2.1 integrating scRNA-seq and scATAC-seq using LIGER

Apply LIGER to integrate the scRNA-seq and scATAC-seq datasets, check LIGER (https://github.com/welch-lab/liger) for details. Input example files for scATAC-seq and scRNA-seq: ExampleData/LIGER/scATACseq.txt, ExampleData/LIGER/scRNAseq.txt

Rscript --vanilla Scripts/Integration/LIGER_scRNAseq_scATAC.R

The output files are in ExampleData/LIGER/. The liger cluster assginment is in ExampleData/LIGER/ligerclusters.txt

2.2 generating the prior network using scATAC-seq data and motifs

Check https://github.com/Roy-lab/scMTNI/blob/master/Scripts/genPriorNetwork/readme.md for details. Due to limitation of file size in Github, bam files are currently not provided in ExampleData/. For demo, please directly use the output prior networks ExampleData/cluster*_network.txt

bash Scripts/genPriorNetwork/genPriorNetwork_scMTNI.sh

The example output files are ExampleData/cluster*_network.txt

2.3 Prepare all input files and config file for scMTNI

First prepare filelist.txt

The first column is the cell name, the second column is the location and filename of the expression data for each cell type.
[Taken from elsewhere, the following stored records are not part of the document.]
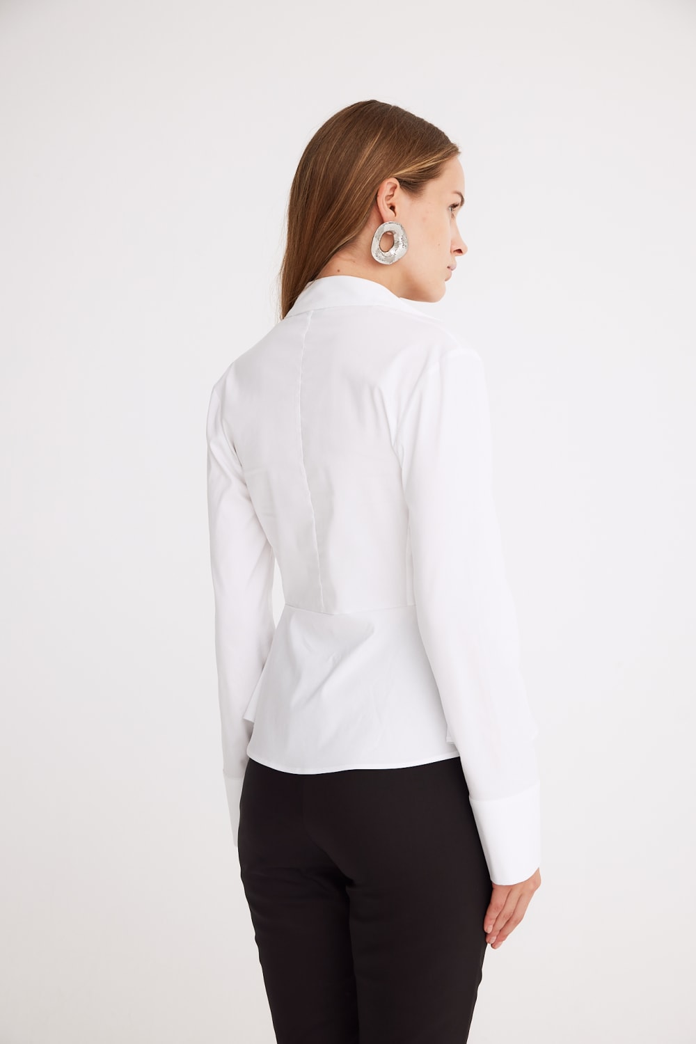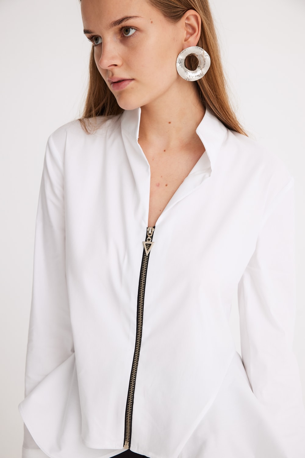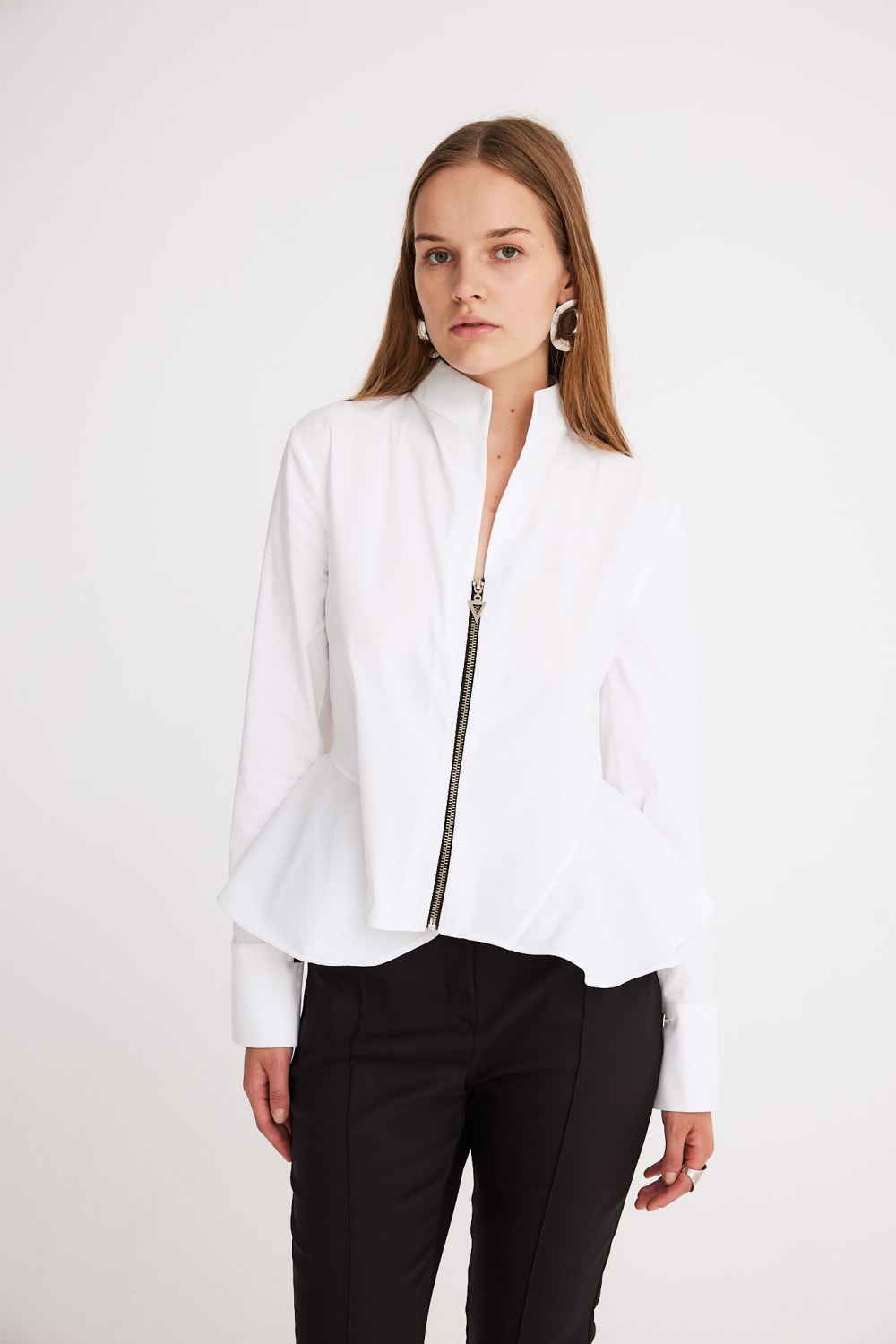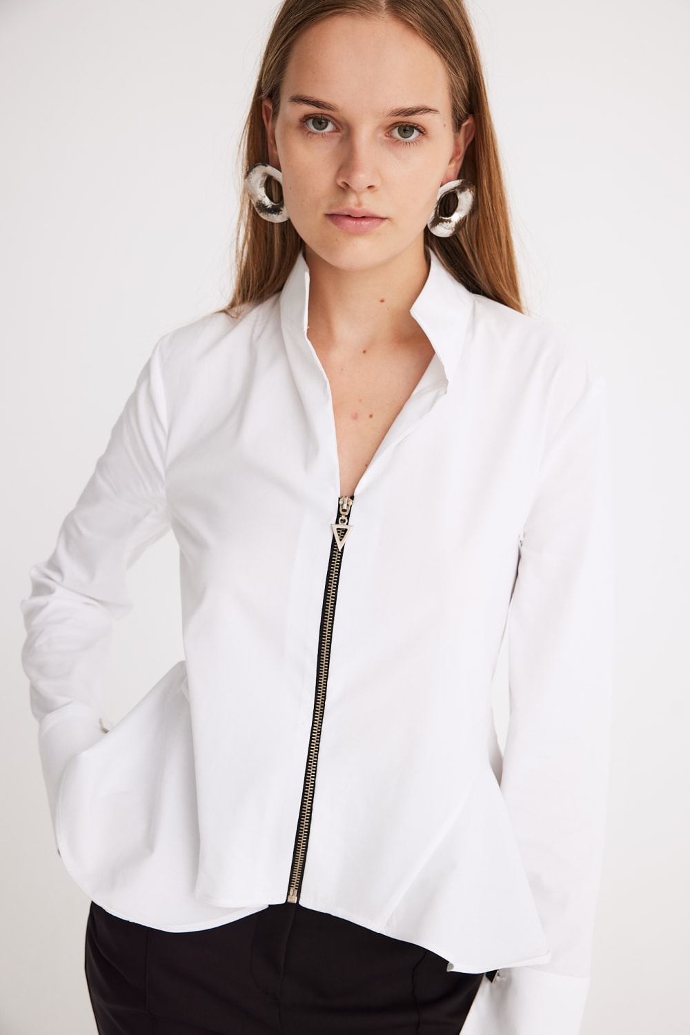 Önden metal fermuarla kapanan beyaz dik yaka gömlek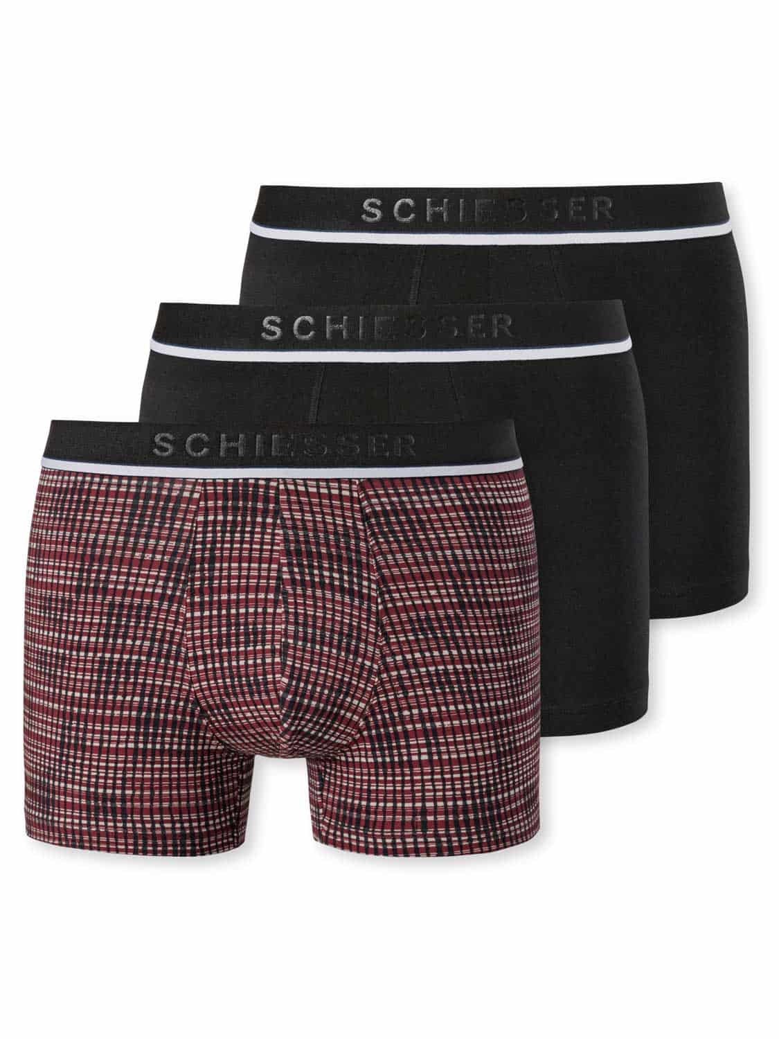 Lot avantageux de 3 shorts qui font partie de la collection 95/5 de SCHIESSER. Les sous-vêtements de cette série sont toujours agréablement doux sur la peau et ils restent parfaitement ajustés. Le boxer est réalisé en coton bio naturel avec un peu d'élasthanne. Gràce à ce tissu jersey simple élastique, le short serré vous offre un confort optimal et il se porte comme une seconde peau. Le lot se compose de deux boxers en couleurs unies et un avec un imprimé graphique.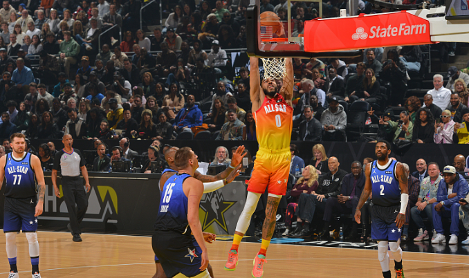 第四节,恩比德暴扣,哈利伯顿加快过掉真贵上篮,米切尔三分球射中。塔图姆扣篮,哈利伯顿和塔图姆对飚三分球。詹姆斯队贯穿追分,利拉德三分球绝杀,字母哥队告捷。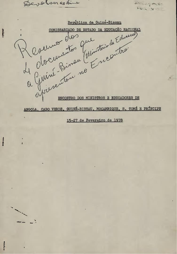 Documento da responsabilidade do Comissariado de Estado da Educação Nacional da República da Guiné-Bissau que contém resumo dos documentos apresentados no Encontro dos Ministros da Educação e Educadores de Angola, Moçambique, Guiné-Bissau, Cabo Verde, São Tomé e Príncipe, realizado de 15 a 27 de fevereiro de 1978.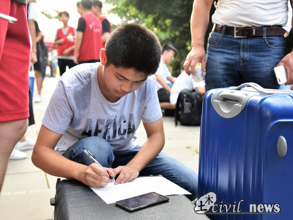 天佑斋17号楼是男生居住的地方,与其他新生不同,默默打扫着地面的刘同学并没有父母的陪伴,他一个人拖着行李箱,独立完成了报道手续。记者了解到,他是从湖南一个人乘火车来学校的。“以前上学我是自己一个人去,这次我也可以一个人来大学。再说,其实我并不是一个人,我有好多湖南老乡学长学姐的帮忙,虽然离家很远,都是我却依然能感觉到家的温暖。”谈到自己的专业,他说,父亲和哥哥都从事土木工程这一方向,于是他从小就立志成为一名土木人,能在江南体育官方网站土木专业就读,他感到很荣幸,距离自己的梦想又进了一大步。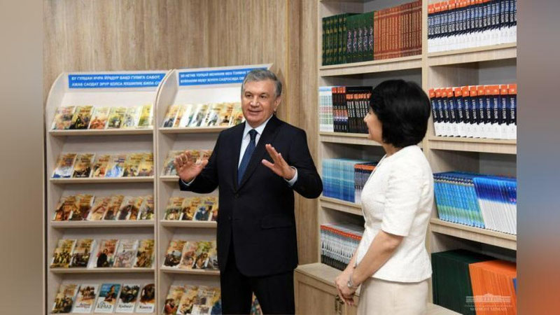 Shavkat Mirziyoev bog`dagi kutubxonani kirib ko`rdi.
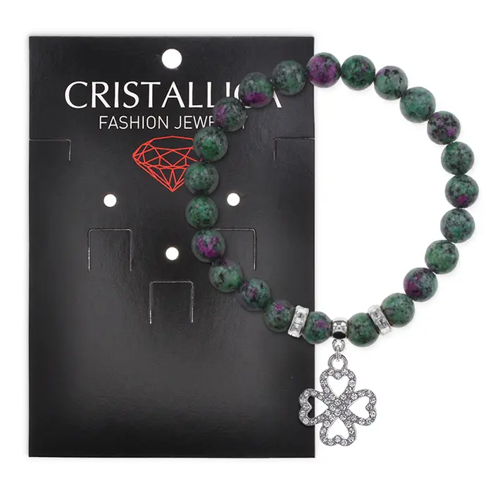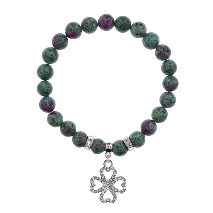 Стрейч-браслет из синтетического камня цоизит с дизайном в виде клевера.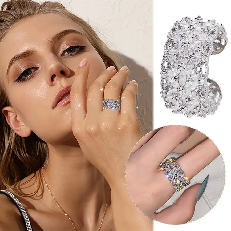 GIFT IDEA - It is the perfect gift for any special occasion. Featuring brilliant zirconia set in a wide band, this beautiful ring is sure to make a lasting impression. With its timeless design and unparalleled quality, the Women's Zirconia Band Ring is a luxurious and luxurious gift that will be treasured for years to come.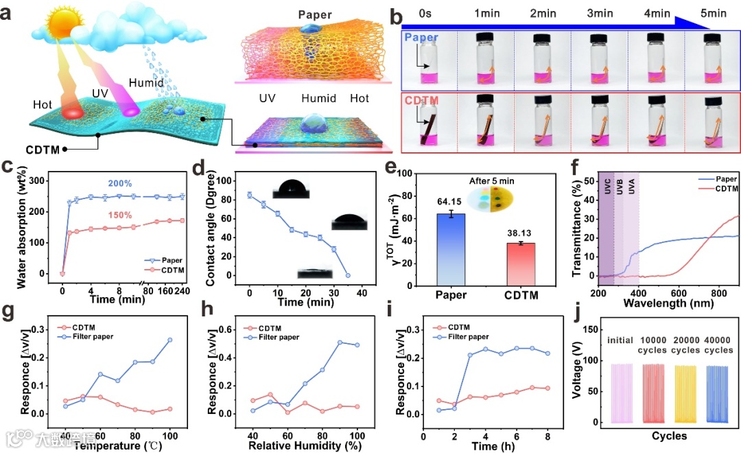 随着摩擦纳米发电机(TENGs)在分布式能源收集和自供电传感等领域的快速发展,适应复杂气候变化的摩擦电材料开发与利用受到了越来越多的关注。然而,传统聚合物材料制备的TENG在实际应用中面临高温、高湿等极端环境的干扰,导致其输出性能不稳定。摩擦电材料在极端环境的下兼顾输出的稳定性与高效性,仍然是亟待解决的关键问题。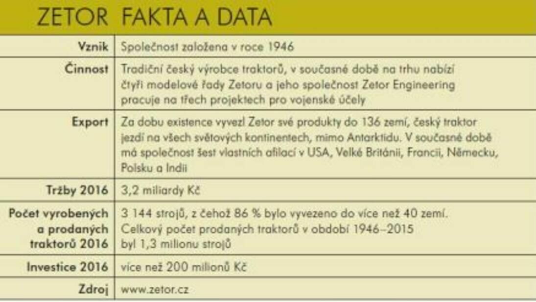 V minulém roce oslavil tradiční výrobce traktorů Zetor 70. výročí svého vzniku. Tento světoznámý český produkt prošel za dobu své existence několika vývojovými etapami. Od prvního Zetoru konstruktéra Františka Musila přes unifikované koncepce a inovace až po dokonalý design z dílny italské firmy Pininfarina.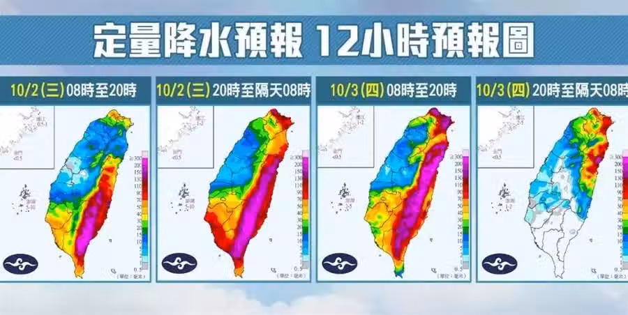 粉專提醒,全台灣停班停課,南部風雨逐漸增強,颱風登陸前後的風雨最為劇烈,南台灣要嚴加戒備。北台灣早上雖然可能還沒有明顯的風雨,但入夜後風雨也會逐漸增強,周四不論颱風在哪裡,受東北季風影響,強風驟雨躲不掉,氣溫也會明顯下滑,穿著上要多留意變化。

The example file ExampleData/filelist.txt:

cluster3	ExampleData/cluster3.table
cluster2	ExampleData/cluster2.table
cluster1	ExampleData/cluster1.table
cluster6	ExampleData/cluster6.table
cluster9	ExampleData/cluster9.table
cluster10	ExampleData/cluster10.table
cluster7	ExampleData/cluster7.table

Then prepare all the other input files based on ExampleData/filelist.txt and regulators list ExampleData/regulators.txt

Prepare input files with prior network:

indir=ExampleData/
filelist=${indir}/filelist.txt
regfile=${indir}/regulators.txt
python Scripts/PreparescMTNIinputfiles.py --filelist $filelist --regfile $regfile --indir $indir --outdir Results --splitgene 50 --motifs 1

Prepare input files without prior network:

python Scripts/PreparescMTNIinputfiles.py --filelist $filelist --regfile $regfile --indir $indir --outdir Results --splitgene 50 --motifs 0

Prepare cell lineage tree:

The cell lineage tree file should have 5 columns describing the tree:

1. Child cell
1. Parent cell
1. Branch-specific gain rate (The probability that an edge is gained in a child given that the edge is absent in the predecessor cell)
1. Branch-specific loss rate (The probability that an edge is lost in a child given that the edge is present in the predecessor cell)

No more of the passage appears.